The Foldbykey function is pairrdd<k, v> to V to do the merging, the method is this
As you can see, the first parameter is Zerovalue, which is used to perform a merge operation on the original V, and the latter argument is a jfunction operation.
For a pairrdd, such as Array ("a", 0), ("A", 2), ("B", 1), ("B", 2), ("C", 1))

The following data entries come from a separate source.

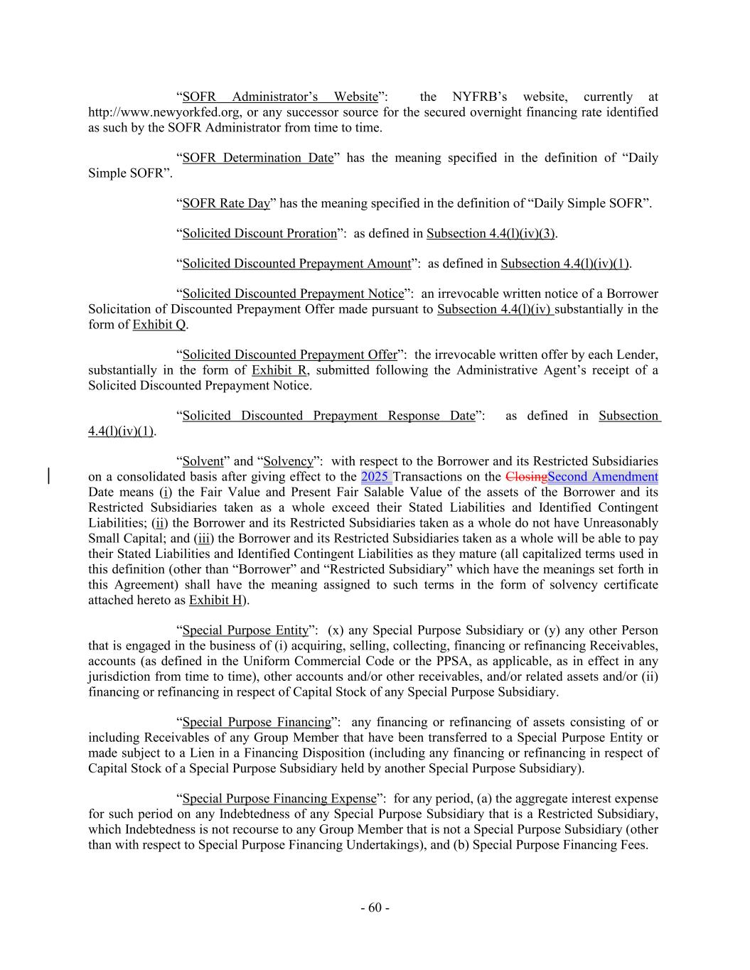 “SOFR Administrator’s Website”: the NYFRB’s website, currently at http://www.newyorkfed.org, or any successor source for the secured overnight financing rate identified as such by the SOFR Administrator from time to time. “SOFR Determination Date” has the meaning specified in the definition of “Daily Simple SOFR”. “SOFR Rate Day” has the meaning specified in the definition of “Daily Simple SOFR”. “Solicited Discount Proration”: as defined in Subsection 4.4(l)(iv)(3). “Solicited Discounted Prepayment Amount”: as defined in Subsection 4.4(l)(iv)(1). “Solicited Discounted Prepayment Notice”: an irrevocable written notice of a Borrower Solicitation of Discounted Prepayment Offer made pursuant to Subsection 4.4(l)(iv) substantially in the form of Exhibit Q. “Solicited Discounted Prepayment Offer”: the irrevocable written offer by each Lender, substantially in the form of Exhibit R, submitted following the Administrative Agent’s receipt of a Solicited Discounted Prepayment Notice. “Solicited Discounted Prepayment Response Date”: as defined in Subsection 4.4(l)(iv)(1). “Solvent” and “Solvency”: with respect to the Borrower and its Restricted Subsidiaries on a consolidated basis after giving effect to the 2025 Transactions on the ClosingSecond Amendment Date means (i) the Fair Value and Present Fair Salable Value of the assets of the Borrower and its Restricted Subsidiaries taken as a whole exceed their Stated Liabilities and Identified Contingent Liabilities; (ii) the Borrower and its Restricted Subsidiaries taken as a whole do not have Unreasonably Small Capital; and (iii) the Borrower and its Restricted Subsidiaries taken as a whole will be able to pay their Stated Liabilities and Identified Contingent Liabilities as they mature (all capitalized terms used in this definition (other than “Borrower” and “Restricted Subsidiary” which have the meanings set forth in this Agreement) shall have the meaning assigned to such terms in the form of solvency certificate attached hereto as Exhibit H). “Special Purpose Entity”: (x) any Special Purpose Subsidiary or (y) any other Person that is engaged in the business of (i) acquiring, selling, collecting, financing or refinancing Receivables, accounts (as defined in the Uniform Commercial Code or the PPSA, as applicable, as in effect in any jurisdiction from time to time), other accounts and/or other receivables, and/or related assets and/or (ii) financing or refinancing in respect of Capital Stock of any Special Purpose Subsidiary. “Special Purpose Financing”: any financing or refinancing of assets consisting of or including Receivables of any Group Member that have been transferred to a Special Purpose Entity or made subject to a Lien in a Financing Disposition (including any financing or refinancing in respect of Capital Stock of a Special Purpose Subsidiary held by another Special Purpose Subsidiary). “Special Purpose Financing Expense”: for any period, (a) the aggregate interest expense for such period on any Indebtedness of any Special Purpose Subsidiary that is a Restricted Subsidiary, which Indebtedness is not recourse to any Group Member that is not a Special Purpose Subsidiary (other than with respect to Special Purpose Financing Undertakings), and (b) Special Purpose Financing Fees. - 60 -
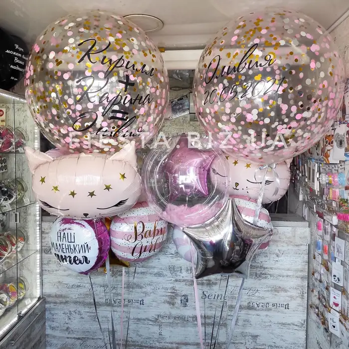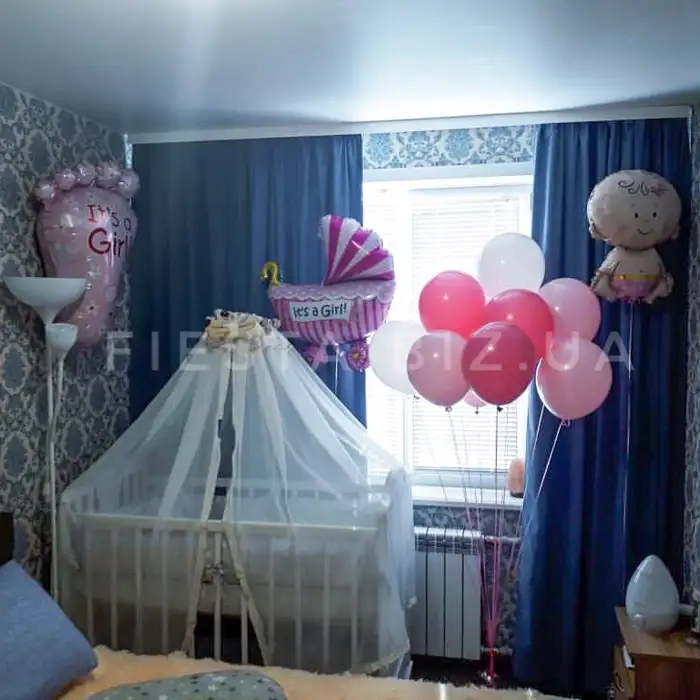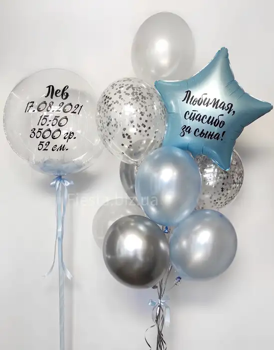 В наличии на сайте есть большие фольгированные фигуры в виде малышей, бутылочек, сосок, милых облаков. Также есть большой выбор латексных и фольгированных шаров с тематическими надписями. Всегда можно быстро выбрать готовый набор шаров на выписку или собрать композицию из шаров поштучно. Если обсудить заказ заранее, то мы можем изготовить индивидуальную наклейку на шар с любым текстом. Например сейчас очень популярны метрики новорожденного на большом шаре. Это добавит индивидуальности набору из шаров.
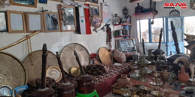 خمسة عشر عاما قضاها مرهج شاهين في جمع المقتنيات التراثية ليجعل لها مكانا بارزا ضمن مضافة منزله في بلدة الثعلة بريف السويداء بما يعكس تمسكه بالموروث المحلي وعشقه للأصالة والتراث.
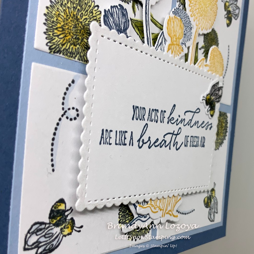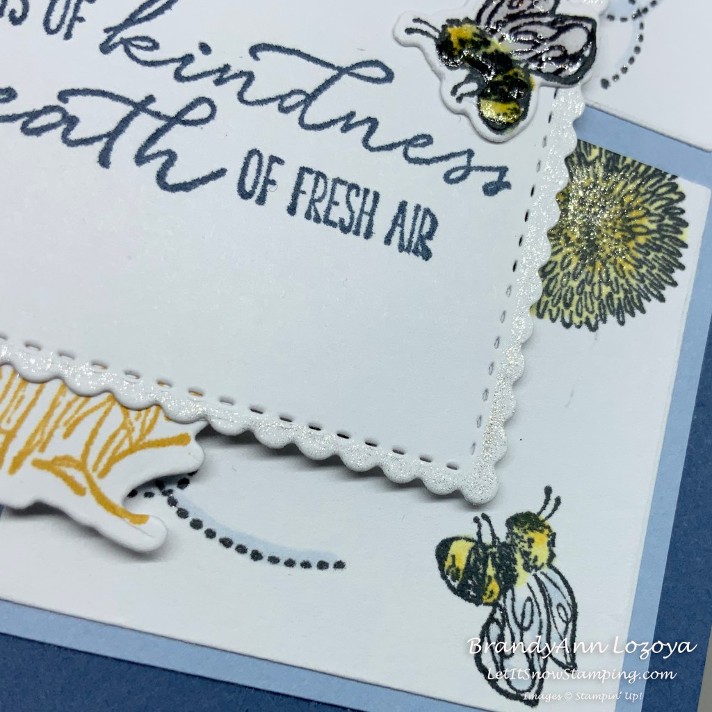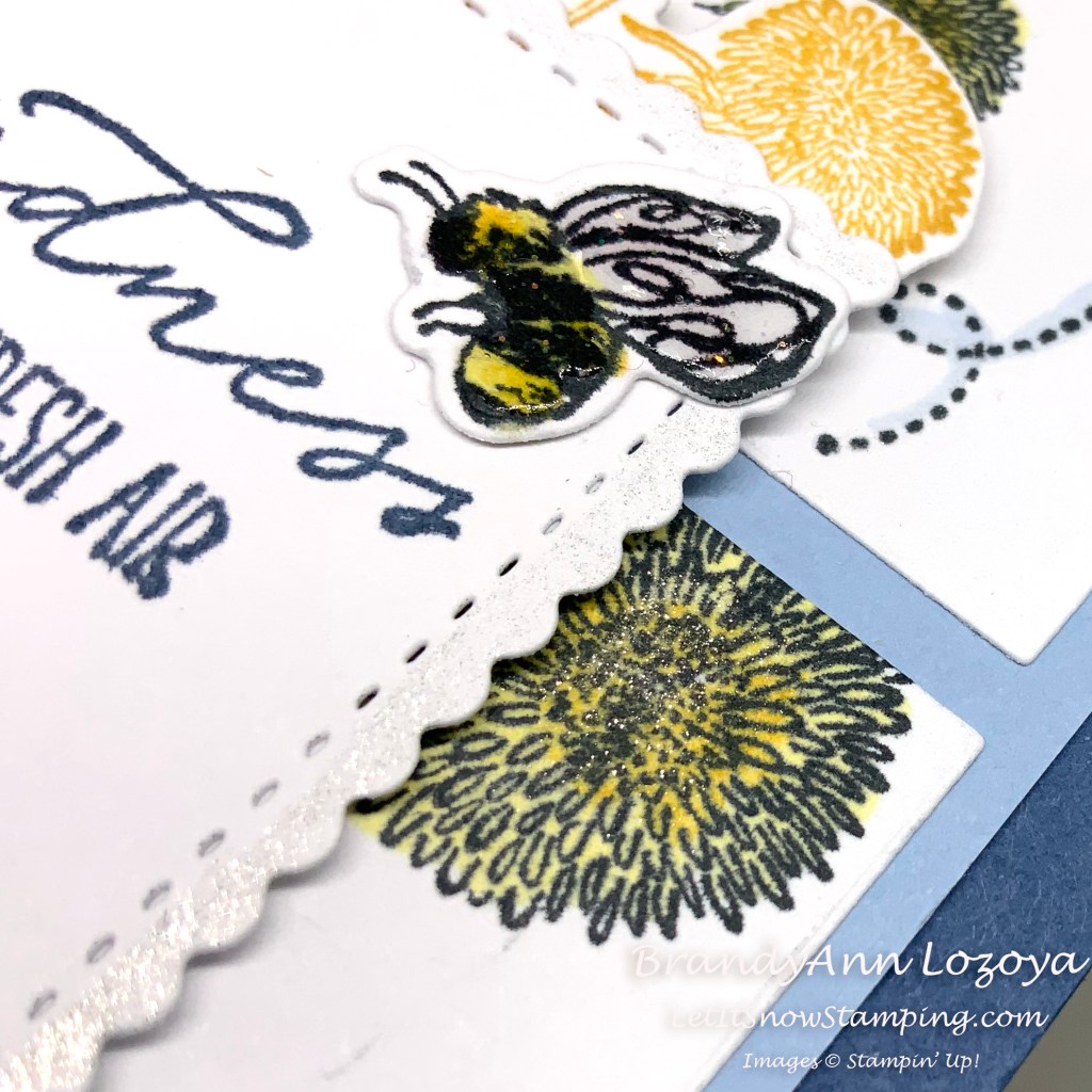 I added Shimmery Crystal Effects to the die cut bee and used Wink of Stella to add bling to the flowers and sentiment border.
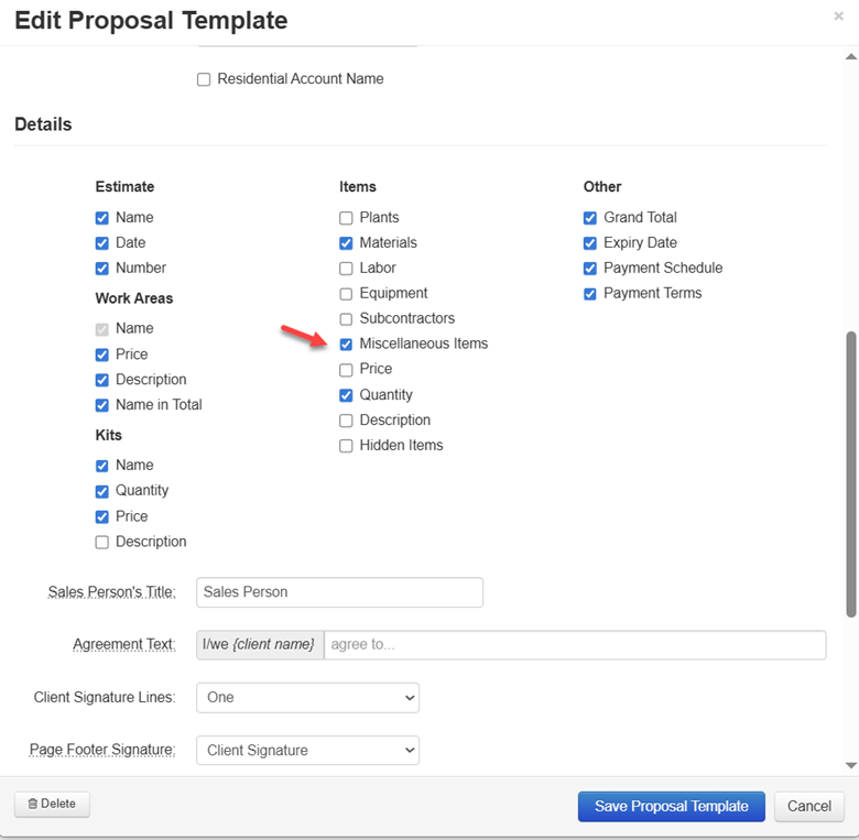Ensure that the proposal layout you are using is set up to show miscellaneous items. This will allow the discount misc item to be displayed on the proposal. If you have other misc items on the estimate that you do not want to be displayed on the proposal, you can either delete them from the Word document manually, or go to the costbook and mark those items as "hide on proposal". In Estimate > Actions > View Proposal > Select Proposal Template > Edit > scroll to Details > check Misc. Items > Save.
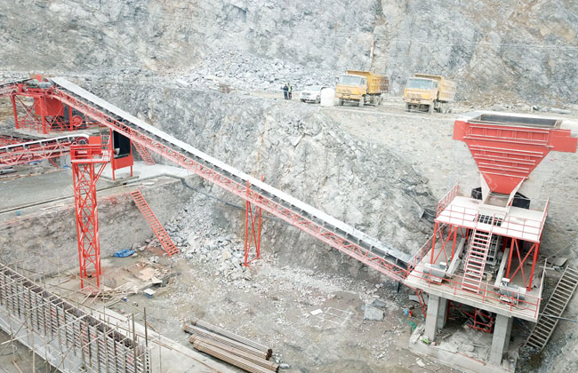 工藝流程:原料經(jīng)料倉(cāng)由ZG1550振動(dòng)給料機(jī)送到重型錘式破碎機(jī)PCZ1615進(jìn)行初步破碎,破碎后的物料被輸送到整形破XPC1622進(jìn)行加工,加工后的物料輸送到一組3YKZ3070并篩進(jìn)行篩分,篩分三種成品料,其中一部分被送到雙轉(zhuǎn)子制砂機(jī)ZSJ1218進(jìn)行細(xì)碎,不滿足成品料粒度要求的被返回整形破進(jìn)行再次加工,其余物料被送到下一組3YKZ3070并篩進(jìn)行篩分,篩分出三種成品料,分別送到成品料倉(cāng)中。

When performing Foldbykey (2), and function is x+y operation, the operation process is this, first 2 to add the key "a" of the first element of the value, changed to ("a", 2), and then take the result of the initialization to execute "a" and subsequent elements, the result is (" A ", 4). The result for key "B" is ("B", 5)
Look at the code:
Import Org.apache.spark.api.java.JavaPairRDD;
Import Org.apache.spark.api.java.JavaSparkContext;
Import Org.apache.spark.api.java.function.Function2;
Import org.apache.spark.sql.SparkSession; Import Scala.
Tuple2;
Import java.util.ArrayList;
Import java.util.List;
Import Java.util.Map;
/** * @author Wuweifeng wrote on 2018/4/18. */public class Test {public static void main (string[] args) {sparksession sparksession = Sparksession.build
ER (). AppName ("Javawordcount"). Master ("local"). Getorcreate ();
The reduce operation of Spark to the ordinary list javasparkcontext Javasparkcontext = new Javasparkcontext (Sparksession.sparkcontext ());
list<tuple2<string, integer>> data = new arraylist<> ();
Data.add (New tuple2<> ("A", 10));
Data.add (New tuple2<> ("A", 20));
Data.add (New tuple2<> ("B", 2));
Data.add (New tuple2<> ("B", 3));
Data.add (New tuple2<> ("C", 5)); Javapairrdd<string, Integer>
Originrdd = javasparkcontext.parallelizepairs (data); The initial value is 2, then the 2 will be a function with the first element, and the result will be combined with the next element map map = Originrdd.foldbykey (2, New Function2<integer, Integer
, integer> () {@Override public integer call (integer v1, Integer v2) throws Exception {
Return v1 * v2;
}}). Collectasmap ();
{a=400, c=10, b=12} System.out.println (map); }
}
Note that the Zerovalue only evaluates with the first value of the same key, not all value.